THE DATA.
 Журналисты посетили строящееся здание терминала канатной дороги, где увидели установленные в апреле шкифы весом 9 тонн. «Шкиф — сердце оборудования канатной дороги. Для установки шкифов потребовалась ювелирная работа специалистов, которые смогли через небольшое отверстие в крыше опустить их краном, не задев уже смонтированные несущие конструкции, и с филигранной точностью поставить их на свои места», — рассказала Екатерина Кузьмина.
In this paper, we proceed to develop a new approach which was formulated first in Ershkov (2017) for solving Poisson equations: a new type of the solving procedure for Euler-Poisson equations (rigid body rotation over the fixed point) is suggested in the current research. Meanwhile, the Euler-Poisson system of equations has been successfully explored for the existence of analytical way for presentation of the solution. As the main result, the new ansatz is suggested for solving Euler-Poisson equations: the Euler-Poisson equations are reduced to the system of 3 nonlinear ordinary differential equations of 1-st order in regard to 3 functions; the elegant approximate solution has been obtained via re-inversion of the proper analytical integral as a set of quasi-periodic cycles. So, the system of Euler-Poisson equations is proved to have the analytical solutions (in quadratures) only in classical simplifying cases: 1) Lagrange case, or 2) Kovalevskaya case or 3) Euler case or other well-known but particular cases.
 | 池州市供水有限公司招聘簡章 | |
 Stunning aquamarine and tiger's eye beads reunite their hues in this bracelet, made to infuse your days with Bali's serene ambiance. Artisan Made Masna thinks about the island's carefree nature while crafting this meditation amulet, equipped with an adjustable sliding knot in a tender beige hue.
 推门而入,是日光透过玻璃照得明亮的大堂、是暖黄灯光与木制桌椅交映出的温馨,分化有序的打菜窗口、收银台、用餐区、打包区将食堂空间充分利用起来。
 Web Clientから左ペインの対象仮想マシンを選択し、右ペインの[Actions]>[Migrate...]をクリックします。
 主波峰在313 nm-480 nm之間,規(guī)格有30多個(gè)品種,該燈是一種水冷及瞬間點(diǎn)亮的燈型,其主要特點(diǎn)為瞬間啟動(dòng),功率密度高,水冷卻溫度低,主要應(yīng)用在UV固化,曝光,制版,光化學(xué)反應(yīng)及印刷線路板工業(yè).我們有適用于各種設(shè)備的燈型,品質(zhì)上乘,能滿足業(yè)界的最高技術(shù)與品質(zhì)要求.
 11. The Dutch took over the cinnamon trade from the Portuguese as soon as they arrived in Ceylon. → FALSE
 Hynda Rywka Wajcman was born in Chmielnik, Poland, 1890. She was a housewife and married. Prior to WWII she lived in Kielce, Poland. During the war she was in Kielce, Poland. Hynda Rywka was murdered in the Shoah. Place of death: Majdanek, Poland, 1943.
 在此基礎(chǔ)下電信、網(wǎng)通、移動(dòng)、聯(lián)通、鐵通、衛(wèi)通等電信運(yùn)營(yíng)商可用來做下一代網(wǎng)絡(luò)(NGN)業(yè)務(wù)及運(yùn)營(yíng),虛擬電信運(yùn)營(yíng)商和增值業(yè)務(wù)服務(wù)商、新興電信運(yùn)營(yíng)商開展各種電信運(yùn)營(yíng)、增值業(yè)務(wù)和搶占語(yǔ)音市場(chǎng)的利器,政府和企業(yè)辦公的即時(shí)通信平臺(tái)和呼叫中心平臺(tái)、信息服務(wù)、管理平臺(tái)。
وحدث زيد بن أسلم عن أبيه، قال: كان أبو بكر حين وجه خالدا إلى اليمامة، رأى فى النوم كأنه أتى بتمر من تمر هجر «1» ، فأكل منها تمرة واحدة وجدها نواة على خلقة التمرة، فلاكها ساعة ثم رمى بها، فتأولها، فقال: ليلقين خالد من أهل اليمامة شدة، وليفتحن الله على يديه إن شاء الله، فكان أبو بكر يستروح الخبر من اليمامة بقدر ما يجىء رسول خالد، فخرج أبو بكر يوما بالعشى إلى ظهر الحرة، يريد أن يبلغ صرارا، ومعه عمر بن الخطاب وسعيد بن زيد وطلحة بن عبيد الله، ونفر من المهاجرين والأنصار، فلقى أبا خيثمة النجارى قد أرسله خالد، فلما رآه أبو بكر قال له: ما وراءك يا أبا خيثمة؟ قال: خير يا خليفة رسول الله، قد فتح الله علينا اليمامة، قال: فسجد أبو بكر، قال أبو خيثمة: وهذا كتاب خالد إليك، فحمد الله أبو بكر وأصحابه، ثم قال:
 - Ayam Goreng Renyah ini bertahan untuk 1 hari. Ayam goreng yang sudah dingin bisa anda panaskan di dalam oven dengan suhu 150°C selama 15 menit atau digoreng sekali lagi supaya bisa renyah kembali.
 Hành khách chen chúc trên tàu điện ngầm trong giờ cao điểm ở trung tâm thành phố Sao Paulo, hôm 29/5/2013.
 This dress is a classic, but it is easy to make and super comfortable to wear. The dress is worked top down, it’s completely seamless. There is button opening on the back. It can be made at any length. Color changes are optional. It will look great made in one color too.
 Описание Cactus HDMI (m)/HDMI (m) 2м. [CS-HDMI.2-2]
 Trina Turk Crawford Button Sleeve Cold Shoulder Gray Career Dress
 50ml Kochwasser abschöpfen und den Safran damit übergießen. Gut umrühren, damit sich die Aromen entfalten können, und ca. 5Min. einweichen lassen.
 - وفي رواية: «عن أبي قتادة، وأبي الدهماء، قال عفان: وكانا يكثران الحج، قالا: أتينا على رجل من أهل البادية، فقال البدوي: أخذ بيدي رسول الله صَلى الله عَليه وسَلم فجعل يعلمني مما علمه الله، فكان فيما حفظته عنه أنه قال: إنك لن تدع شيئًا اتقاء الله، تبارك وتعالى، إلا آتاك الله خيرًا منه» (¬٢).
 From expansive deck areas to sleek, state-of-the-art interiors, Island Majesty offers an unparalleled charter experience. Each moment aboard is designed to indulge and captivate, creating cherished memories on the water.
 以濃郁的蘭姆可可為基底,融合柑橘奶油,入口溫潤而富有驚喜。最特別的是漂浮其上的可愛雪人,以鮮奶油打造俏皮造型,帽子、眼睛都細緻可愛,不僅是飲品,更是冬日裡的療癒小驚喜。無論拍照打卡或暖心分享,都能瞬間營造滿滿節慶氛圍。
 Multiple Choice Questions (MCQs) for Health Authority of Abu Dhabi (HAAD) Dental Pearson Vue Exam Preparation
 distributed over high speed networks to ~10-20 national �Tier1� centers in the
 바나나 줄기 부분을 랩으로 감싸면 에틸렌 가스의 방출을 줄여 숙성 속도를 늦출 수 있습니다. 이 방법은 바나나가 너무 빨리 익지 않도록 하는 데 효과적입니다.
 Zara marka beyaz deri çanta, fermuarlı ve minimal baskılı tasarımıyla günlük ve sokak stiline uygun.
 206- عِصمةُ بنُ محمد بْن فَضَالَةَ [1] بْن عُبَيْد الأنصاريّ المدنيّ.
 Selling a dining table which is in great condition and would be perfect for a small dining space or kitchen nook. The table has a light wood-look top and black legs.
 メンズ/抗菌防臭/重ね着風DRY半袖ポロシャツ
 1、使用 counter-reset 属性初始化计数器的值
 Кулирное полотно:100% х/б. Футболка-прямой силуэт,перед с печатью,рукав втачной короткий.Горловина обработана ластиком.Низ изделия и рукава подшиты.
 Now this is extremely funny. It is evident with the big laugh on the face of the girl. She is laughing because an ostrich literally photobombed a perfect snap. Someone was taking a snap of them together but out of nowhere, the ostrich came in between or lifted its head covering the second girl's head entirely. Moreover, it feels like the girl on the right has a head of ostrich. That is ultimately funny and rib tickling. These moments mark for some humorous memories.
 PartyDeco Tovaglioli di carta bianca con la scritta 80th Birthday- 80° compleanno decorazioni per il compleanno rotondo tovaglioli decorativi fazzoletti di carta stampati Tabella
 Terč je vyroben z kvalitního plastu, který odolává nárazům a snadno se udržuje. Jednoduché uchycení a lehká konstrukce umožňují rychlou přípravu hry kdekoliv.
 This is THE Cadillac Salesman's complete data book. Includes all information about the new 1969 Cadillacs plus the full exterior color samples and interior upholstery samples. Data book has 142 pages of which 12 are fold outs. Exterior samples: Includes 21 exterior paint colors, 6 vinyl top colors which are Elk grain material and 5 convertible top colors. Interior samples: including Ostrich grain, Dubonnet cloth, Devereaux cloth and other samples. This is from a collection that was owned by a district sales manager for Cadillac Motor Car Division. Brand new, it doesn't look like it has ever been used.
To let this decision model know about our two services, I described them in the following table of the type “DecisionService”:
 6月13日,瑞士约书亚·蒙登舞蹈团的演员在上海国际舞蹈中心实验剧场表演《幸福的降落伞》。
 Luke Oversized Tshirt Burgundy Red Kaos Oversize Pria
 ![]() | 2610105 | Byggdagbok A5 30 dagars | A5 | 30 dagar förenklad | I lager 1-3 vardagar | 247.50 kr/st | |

WORK REQUIRED. For this exercise, repeat exactly the lines of the data above from the one with "メンズ/抗菌防臭/重ね着風DRY半袖ポロシャツ" down to the one with "Terč je vyroben", both end lines included.

TASK SOLUTION.
 メンズ/抗菌防臭/重ね着風DRY半袖ポロシャツ
 1、使用 counter-reset 属性初始化计数器的值
 Кулирное полотно:100% х/б. Футболка-прямой силуэт,перед с печатью,рукав втачной короткий.Горловина обработана ластиком.Низ изделия и рукава подшиты.
 Now this is extremely funny. It is evident with the big laugh on the face of the girl. She is laughing because an ostrich literally photobombed a perfect snap. Someone was taking a snap of them together but out of nowhere, the ostrich came in between or lifted its head covering the second girl's head entirely. Moreover, it feels like the girl on the right has a head of ostrich. That is ultimately funny and rib tickling. These moments mark for some humorous memories.
 PartyDeco Tovaglioli di carta bianca con la scritta 80th Birthday- 80° compleanno decorazioni per il compleanno rotondo tovaglioli decorativi fazzoletti di carta stampati Tabella
 Terč je vyroben z kvalitního plastu, který odolává nárazům a snadno se udržuje. Jednoduché uchycení a lehká konstrukce umožňují rychlou přípravu hry kdekoliv.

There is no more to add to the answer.